Wednesday, March 24, 2010

Shoes and ships and sealing wax...

Guglielmo Marconi (1908)

Not quite about those things, but related. I was thinking about "technology" and it's impact on our lives. In particular I was thinking about the "march" of technology, the way technology develops and changes and the rate at which it does. Modern things like mobile phones and iPods are relatively new conceptually and relatively new in terms of their length of use. I can remember the first time I saw a "mobile" phone. It was 1988 and it was a large installation in the boot of a car. The dialling prefix was 007 I think! How things have changed, and quite rapidly too. Within about 2 years of seeing that I was regularly seeing handheld phones.
Three of the things I use in my daily life date back a relatively long way however in "technology years":
  • The sextant dates back at least 250 years in its present form and longer in concept.

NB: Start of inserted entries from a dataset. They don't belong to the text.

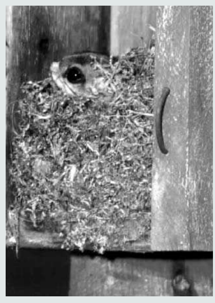
Due to the nocturnal behavior of Flying Squirrels, many people are unaware of how common they are on the Eastern Shore. Flying Squirrels will use manmade nesting structures, such as this bluebird box which contains an abandoned Chickadee nest.

The population density depends on the quality of habitat. In favorable habitat, densities can approach five squirrels per acre. Estimates of home range size, the area used for normal day-to-day activities, range from about one acre to five acres. Females defend their home range, at least during parts of the year, and there is little or no overlap with the
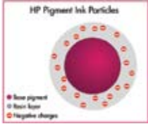
Electrostatic Encapsulation Technology

HP Vivera pigment inks offer outstanding image quality and fade resistance on a wide variety of photo and fine art media, along with water resistance on a range of HP creative and specialty media. HP's proprietary Electrostatic Encapsulation Technology optimizes the pigment chemistry and ink properties for stability and performance to ensure a broad color gamut, print permanence, excellent gloss uniformity and reliable, accurate and consistent printing.
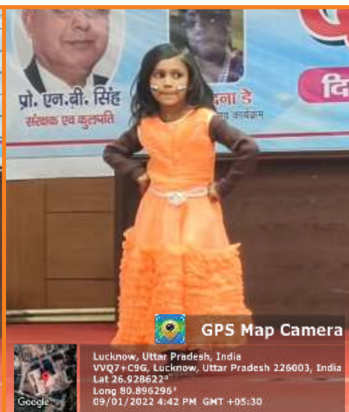
Children of Baal Paathshala during a dance performance Bmisha organized in Dikshotsava of the University
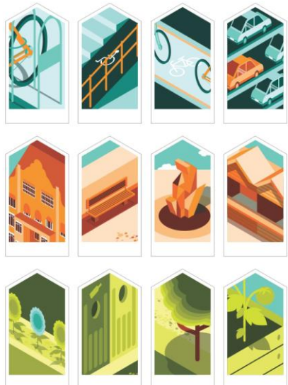
Fig. 3: Playing Pop-up Pest
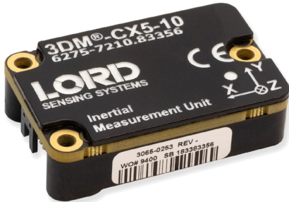
3DM-CX5-10 – high-performance, industrial-grade inertial measurement unit (IMU)

The LORD Sensing 3DM-CX5 family of high-performance, industrial-grade, board-level inertial sensors provide a wide range of triaxial inertial measurements and computed attitude and navigation solutions.
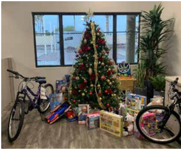
TOYS FOR TOTS

Yes the sextant really is not required equipment today but it does a very effective job and it's relatively unchanged over a long period of time;
  • The 35mm camera. Oskar Barnack built the first prototype of the 35mm camera in 1913 and after a delay because of the first world war the camera went into production in 1924. Very little has changed with the 35mm camera in that time - particularly if you still use a Leica.
  • HF radio. Marconi is credited with the invention of HF radio, though there are many challenges to that claim and many contributors. Nevertheless, HF radio has been around for over 100 years. Sure the rigs of today are very different to Marconi's spark gap rigs but the propagation and principles haven't changed. You can hear morse used every day on the bands. Some people use it exclusively and manually key it as well.

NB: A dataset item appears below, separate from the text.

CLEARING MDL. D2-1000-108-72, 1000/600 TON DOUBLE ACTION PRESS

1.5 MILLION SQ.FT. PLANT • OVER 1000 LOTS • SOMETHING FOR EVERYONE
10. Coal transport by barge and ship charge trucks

The thing that gets me thinking is that although each of those technologies (and Morse as well) is, to some extent, anachronistic they are each viable and effective tools today. Why do some pieces of technology endure and why do some come and go? Will any of the "inventions" of today endure for 100 years or more into the future in a largely unchanged form?
And another thought - why have I used so many inverted commas today?